[HN Gopher] The unreasonable effectiveness of conditional probab...
       ___________________________________________________________________
        
       The unreasonable effectiveness of conditional probabilities
        
       Author : kqr
       Score  : 134 points
       Date   : 2023-02-22 16:04 UTC (6 hours ago)
        
 (HTM) web link (two-wrongs.com)
 (TXT) w3m dump (two-wrongs.com)
        
       | Hitton wrote:
       | The first problem is known as "Coupon collector's problem".
        
       | [deleted]
        
       | ketanmaheshwari wrote:
       | The unreasonable effectiveness of articles having the phrase
       | "Unreasonable Effectiveness" in their title on HN:
       | https://hn.algolia.com/?q=unreasonable+effectiveness
        
       | nickponline wrote:
       | I wrote a blog about the general case
       | https://nickp.svbtle.com/general-collectors-problem
        
       | gnulinux wrote:
       | Other commenters made other comments, but I also want to note
       | that this article is terrible for another reason. For the first
       | problem, they computed mathematically all the way up to
       | calculating the recursive expression they got. After that they
       | moved to computing the value with Python. The reason this is bad
       | is because writing the Python code to calculate ~8.3564 was easy
       | in the first place.

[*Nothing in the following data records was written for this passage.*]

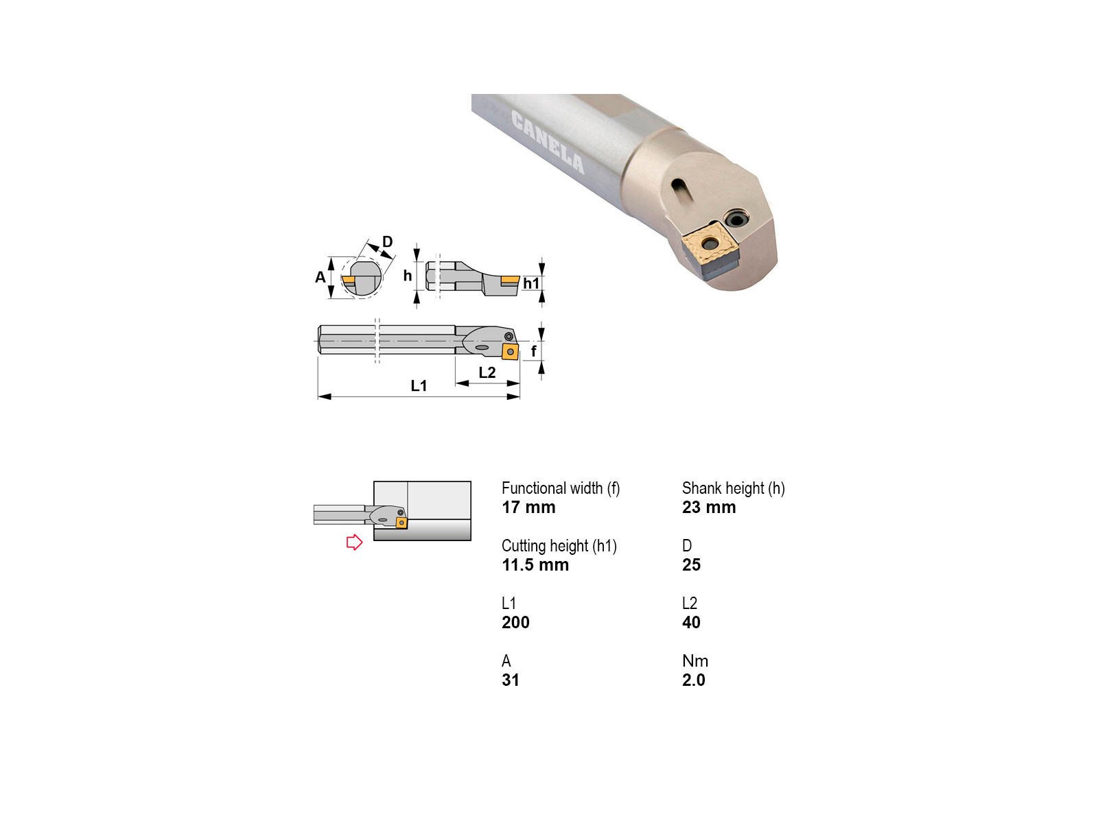 Canela A25R-PSKNL12 udborestål er designet til præcis boring med høj ydeevne. Udstyret med kølekanal for effektiv varmeafledning, sikrer det længere levetid og præcision i arbejdsprocesser. Perfekt til industrielle applikationer, hvor præcision og holdbarhed er afgørende.
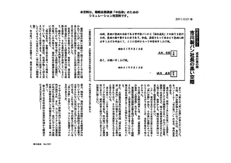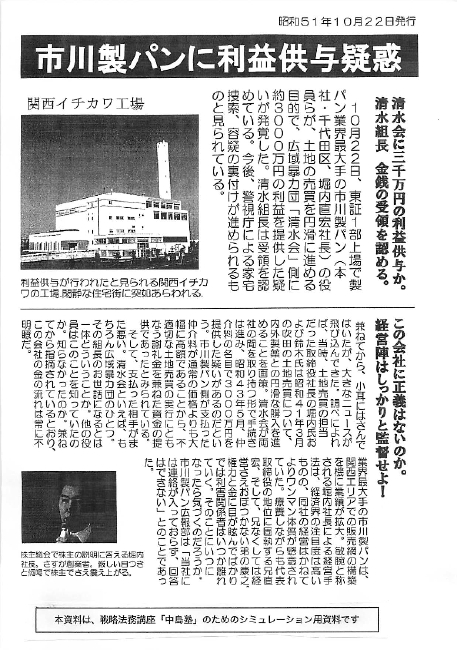 取締役の競業避止義務違反が裁判で争われた「山崎製パン事件」を母体にした、戦略法務講座中島塾で最も著名なケーススタディ。1期から今期21期まで全期において取り上げられているため、卒業生含めて全員が共通体験を有することとなり、中島塾受講者の一体感醸成に効果を発揮している。
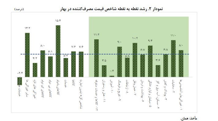 بالا رفتن نرخ رشد نقدینگی و پایه پولی در کنار سایر عوامل باعث افزایش انتظارات تورمی شده و از این رو نقدینگی افزایش یافته به سمت بازار دارایی ها و بازار کالاهای بادوام رفته است. کالاهای بادوام با ۱۵.۴۳ درصد، بیشترین رشد را در بین گروه های کالایی در بهار داشته اند.

They made basic mathematical analysis that
       | wasn't even necessary, then moved to code to actually solve the
       | problem. To be instructional, they could compute 8.333 solution
       | mathematically (as e.g. dgacmu or vecter in this thread did) and
       | then later move to Python for an alternative solution. This is
       | not only confusing but also incomplete for both approaches.
        
       | photochemsyn wrote:
       | While I wouldn't dream of posting ChatGPT content, here are some
       | _questions_ you could give to ChatGPT to a make this all a fair
       | bit clearer:
       | 
       | First, what is an expectation value, as defined in the field of
       | statistics?
       | 
       | Second, is there some reason an expectation value wouldn't behave
       | like a strange attractor from dynamical systems theory and sort
       | of wander about, rather than settle down to a precise value?
       | 
       | Third, what's the connection (if any) between conditional
       | probability and expectation values?
       | 
       | For the first example, a more interesting real world-problem
       | would be one where the total number of different outcomes (toys)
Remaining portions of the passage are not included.